Vehicle Info: 1998 Mazda B2500 SE
Engine: 2.5L
Trans: Manual
Drive: 4X2
Mileage: 203,405

Purchased this truck for my son ($1,000). He will start driving soon and I aim to surprise him with it this week, pending I can get it to run right.

On initial test drive the truck idled extremely rough and stalled when decelerating toward a stop sign. Stalled again after grabbing reverse to return the truck. Stalled again in neutral coasting back to owner's residence. All of this happened within 4-500ft. Truck was warmed up for 10 mins during my pre-trip inspection.
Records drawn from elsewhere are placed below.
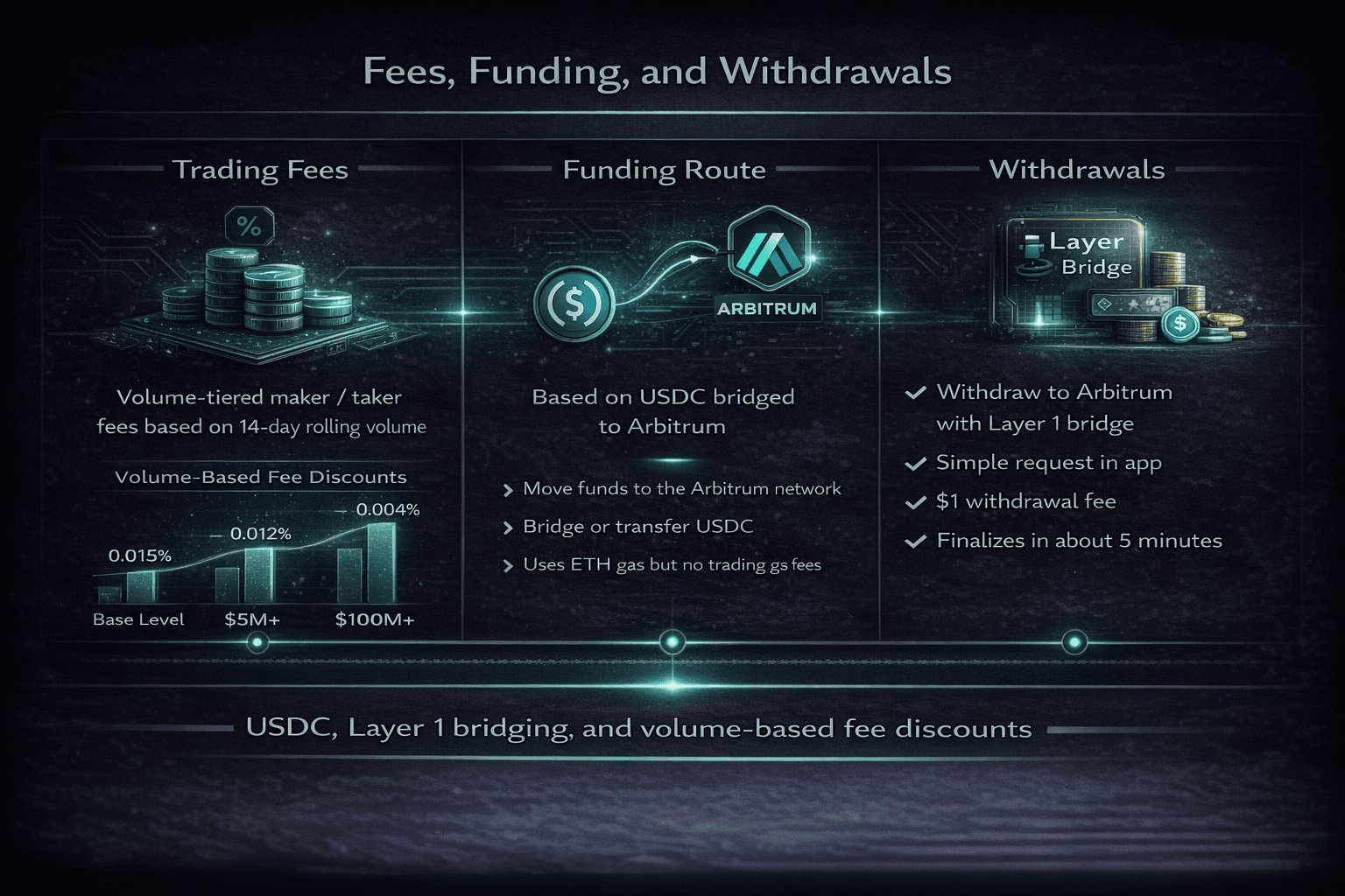 This is the less glamorous part of any review, but it is often the part that matters most in practice. Hyperliquid’s trading fees, deposit flow, and withdrawal process are fairly straightforward once you understand that the platform is built around USDC and its native bridge to Arbitrum.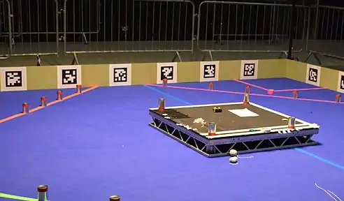 Student Robotics is a registered charity that runs an annual robotics competition for teams of 16 to 19 year-olds.[1] The charity aims to foster a world where engineering and artificial intelligence is accessible to young people with a stated mission "to bring the excitement of engineering and the challenge of coding to young people through robotics".[2] The competition is free to enter and teams are provided with all of the core electronics that they need to build a robot. To encourage creative and ingenious solutions to problems, constraints on design (other than overall size) are kept to a minimum, and the students can build and fashion their robots with any materials they choose; this results in a wide range of quirky, original robots. The robots must operate autonomously; once they are switched on to compete no interference from the team is allowed.[3]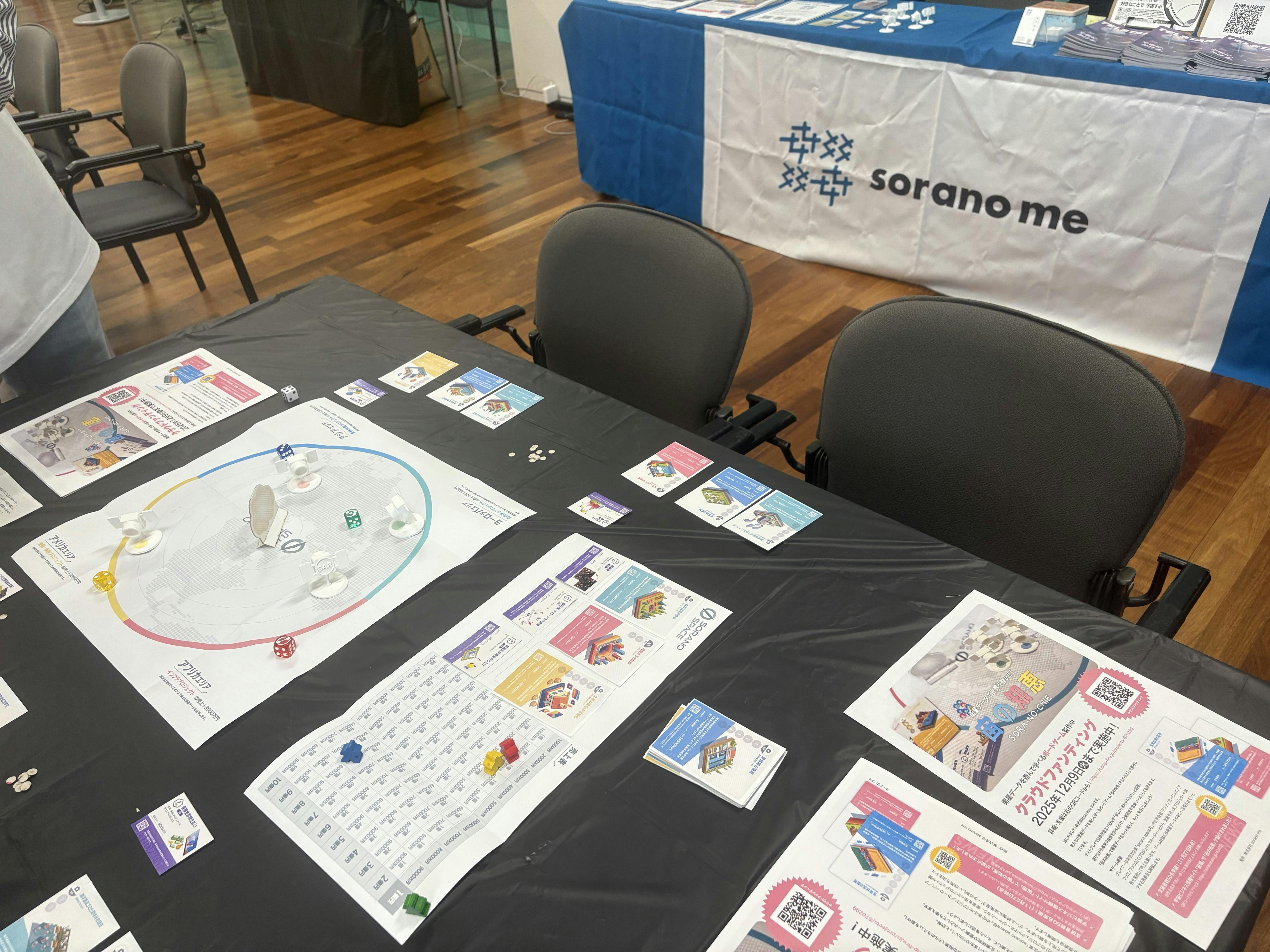 sorano meブースにも多くの人に来ていただき、事業内容を紹介したり、ボードゲームを実際に触っていただいたりしました。クラウドファンディング終了後の販売方法など、さまざまなご意見をいただきました。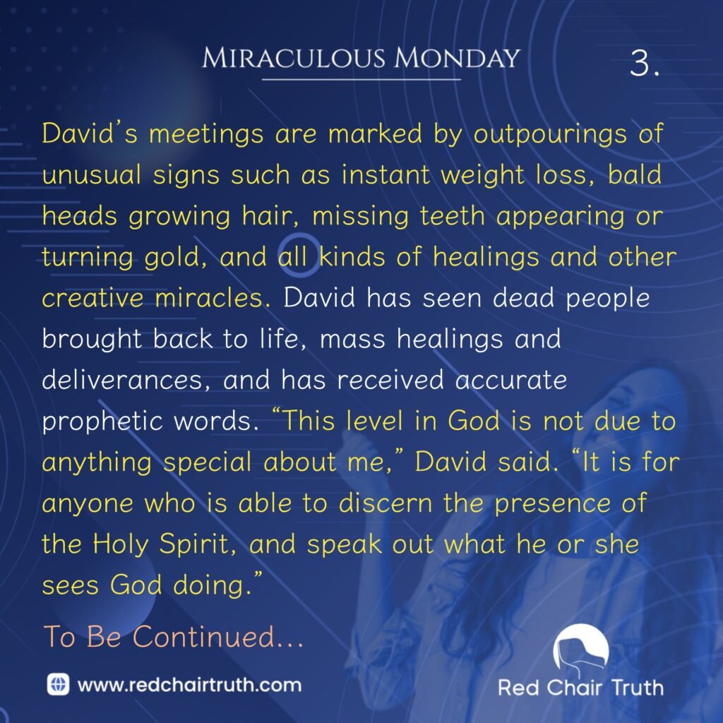 David’s meetings are marked by outpourings of unusual signs such as instant weight loss, bald heads growing hair, missing teeth appearing or turning gold, and all kinds of healings and other creative miracles. David has seen dead people brought back to life, mass healings and deliverances, and has received accurate prophetic words.

Went home to mull it over and read through these threads for potential fixes. Decided to buy it. Drove it home the following day and noticed the truck had a serious lack of power from 1200-3000rpm in 2nd gear, then it took off like a scalded dog after 3000rpm. Truck died 3 times during trip home, but idled in driveway when I arrived.

Pulled CEL codes:
P0113 - IAT high voltage
P0171 - System Lean
P0302 - Cylinder 2 misfire
P0304 - Cylinder 4 misfire

After the talk on the threads and the codes, I replaced MAF, air filter, plugs, Intake Air Temp sensor, and did an oil/filter change. After all of this the truck would start, jump to 1500rpm and then stall/die. I ended up throwing more parts at it they are as follows: Idle Air Control Valve (took old one off to clean it and the valve was caked with gunk. After cleaning, the valve would shift side to side as I rotated it in my hand. Spring was not operable...), EGR solenoid on passenger side, throttle position sensor, fuel pump... no change. Truck still started and died after dropping down from 1500rpm. Truck would respond to pressing the throttle, but would buck as it climbed in rpms. Would not maintain rpms and would eventually fall to 700rpm and then die.

After all this I checked inertia safety switch, all fuses, and then chased vaccum lines. Found one broken going to heater control. Ended up replacing all vac lines (truck has heat now!). Following the vaccum debacle, I did a spark test on all 8 plugs, they were good.

Then I did a fuel pressure test:
Key on Engine off=40psi(+/- 2)
Truck started= 63psi.. after truck was off it held 40psi for the remainder of the day.

Compression Test (dry): tested with stainless 45° tube and tapered rubber nose. Hose and plug fitting would not slide past shoulders of fitting to catch threads....

Cylinder 1: 90psi
Cylinder 2: 120psi
Cylinder 3: 90psi
Cylinder 4: 40psi
Cylinder 4 (Wet test): 40psi

Decided to put old MAF on to retrace my steps and the truck started, idle significantly improved, and truck drove without dying. However, the idle is still not great and that last compression being low is very concerning. No CEL codes on the drive this evening. Had truck running for 30 mins. Tested head gasket with blue/yellow fluid over rad catch tank and it didn't indicate any leaks.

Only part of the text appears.